Los dos siguieron caminando en silencio por los jardines de La Paz, aunque ella debía parar de cuando en cuando para respirar mejor mientras se llevaba las manos a los costados. Él sabía lo que dicta el procedimiento: cualquier revisión de ordenadores requiere una denuncia y una orden judicial, lo sabía. Salvo que...
—¿Gabriel trabaja desde casa? ¿Tiene ordenador en el piso?
—Un cacharro viejo que se cuelga cada dos por tres.
—¿Conectado a la red?
—Digamos que sí.
—¿Seguro que no prefieres que me quede aquí con él? Tú debes ir a descansar.
—Él está ahí tirado como un vegetal. —Coral volvió a reprimir el llanto—. Cualquiera puede quedarse con él, pero solo tú eres capaz de investigar.
—¿Y qué esperas encontrar?
Coral se calló, la furia y el dolor contraían sus facciones a un tiempo, él insistió:
—Dime qué esperas encontrar.
—Todo iba bien, pero...
—¿Pero?
—Pensé que eran obsesiones mías...
—¿El qué?
—Cuando estás embarazada, toda mujer que se halle alrededor te hace sospechar.
—Gabriel no sería capaz, Coral. Hoy en día, no.
—¿Y acaso era capaz de entrar así en La Paz? Ya no hay nada que podamos dar por seguro.
—Dime qué sospechas.
—Había una compañera que no le dejaba en paz.
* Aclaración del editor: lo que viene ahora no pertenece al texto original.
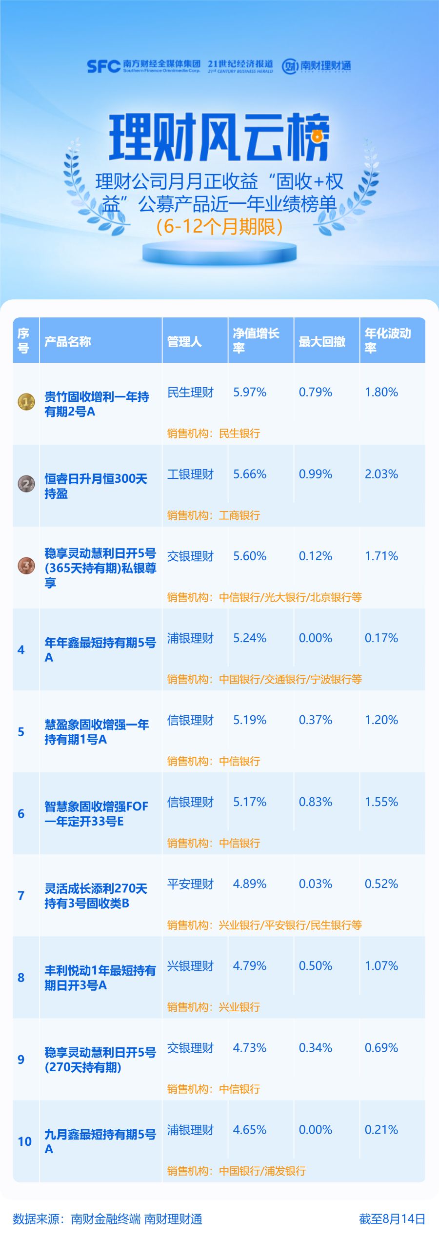 产品统计范围为理财公司6—12个月(含)期限的“固收+权益”理财公募产品,统计截止日期为2025年8月14日,统计区间为近一年。

Este fin de semana le frio a llamadas por el móvil, lo puedes ver aquí. —Coral le tendió el teléfono de Gabriel—. Él decía que eran llamadas de trabajo, ahora lo dudo.
Móviles y ordenadores. Era todo lo que él necesitaba para ponerse a trabajar. Cierto que no había orden judicial pero... se trataba de un amigo con problemas. No tenía por qué pasar nada por echar un simple vistazo. Ni tampoco tenía por qué enterarse nadie.
—¿Cómo se llama la chica?
—Irene.
—¿Irene qué más?
—Irene... ahora recuerdo, es un apellido imposible de olvidar. Lotusse.
—¿Lotusse?
—Sí. Irene Lotusse. Francesa o padre francés, debe de ser.
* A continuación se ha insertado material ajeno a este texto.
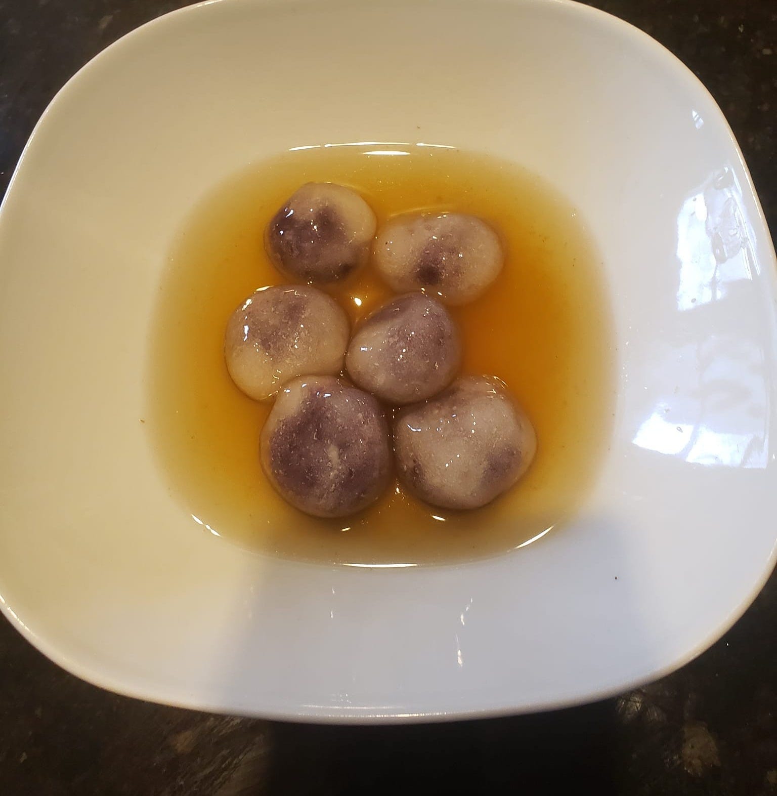 My daughter adds, “Be careful with the fillings. My tummy is judgy. But you can make the sesame rice dumplings. Those are yummy. And noodles without toppings.”

Extranjera, además. Más complicado aún. Coral se sentó agitada mientras unas voces la llamaban desde lejos. Sus padres llegaban. Él guardó el teléfono de Gabriel en el bolsillo.
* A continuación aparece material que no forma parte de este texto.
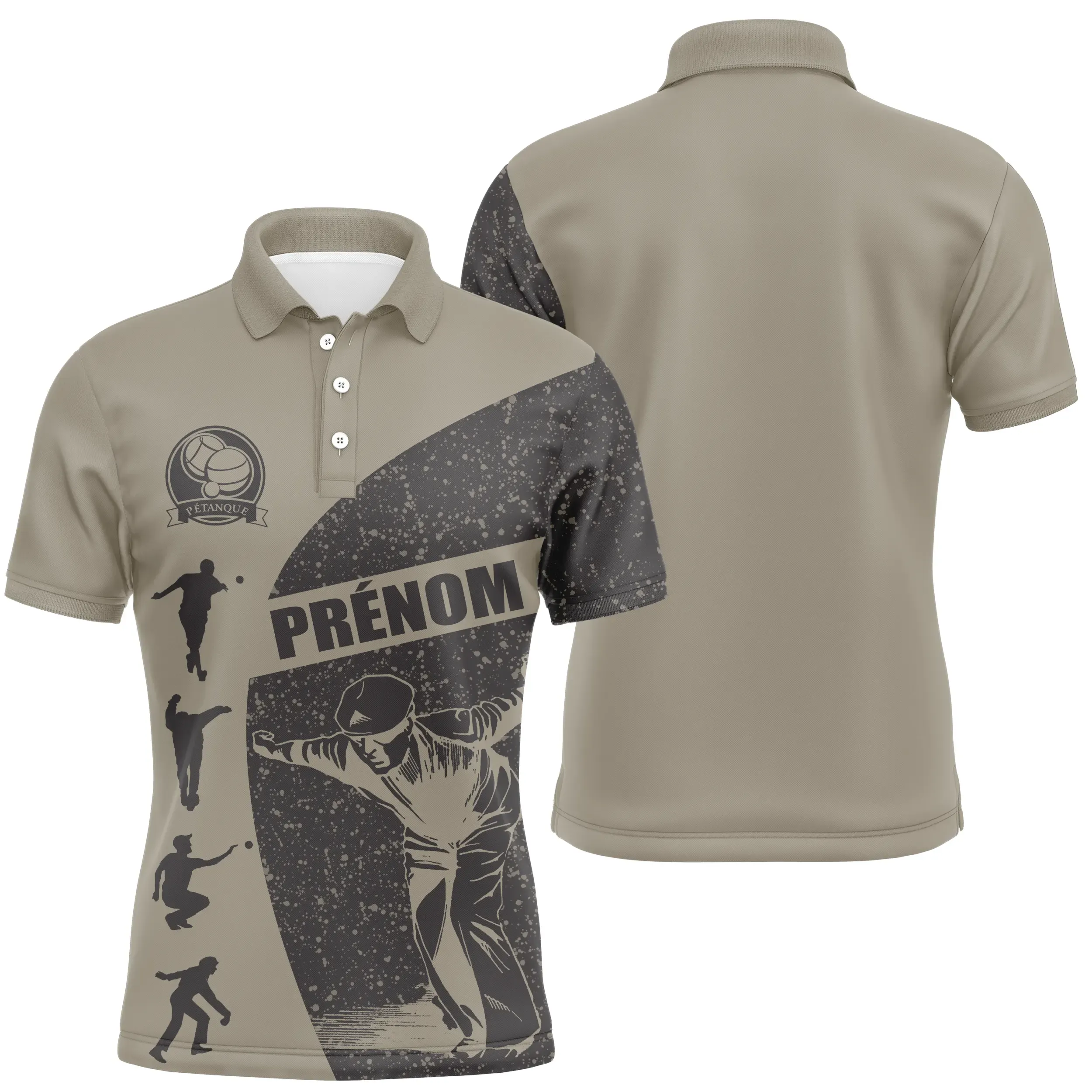🎯 Conçue pour les passionnés de pétanque, chaque pièce arbore un design graphique unique inspiré de l’univers du jeu : silhouettes en action, textures modernes et détails contrastés. Le plus ? Ajoutez votre prénom pour une touche personnelle et affirmée.

—Necesitaré la llave de tu piso también.
—Aquí está.
—Coral, mi niña, ¿qué ha pasado? —La madre abrazaba a su hija y el padre a las dos. El lloro comenzó otra vez.
—La dejo en sus manos —se despidió él—. Convénzanla para que se vaya a descansar.
—Tranquilo, muchacho, nos vamos a organizar —dijo el padre.
Y agarrando en una mano las llaves de sus amigos, y en la otra las suyas propias, se fue. No iba a ser legal investigar a una francesa y ni siquiera a un amigo, pero la inocencia, como un frágil velo, había caído.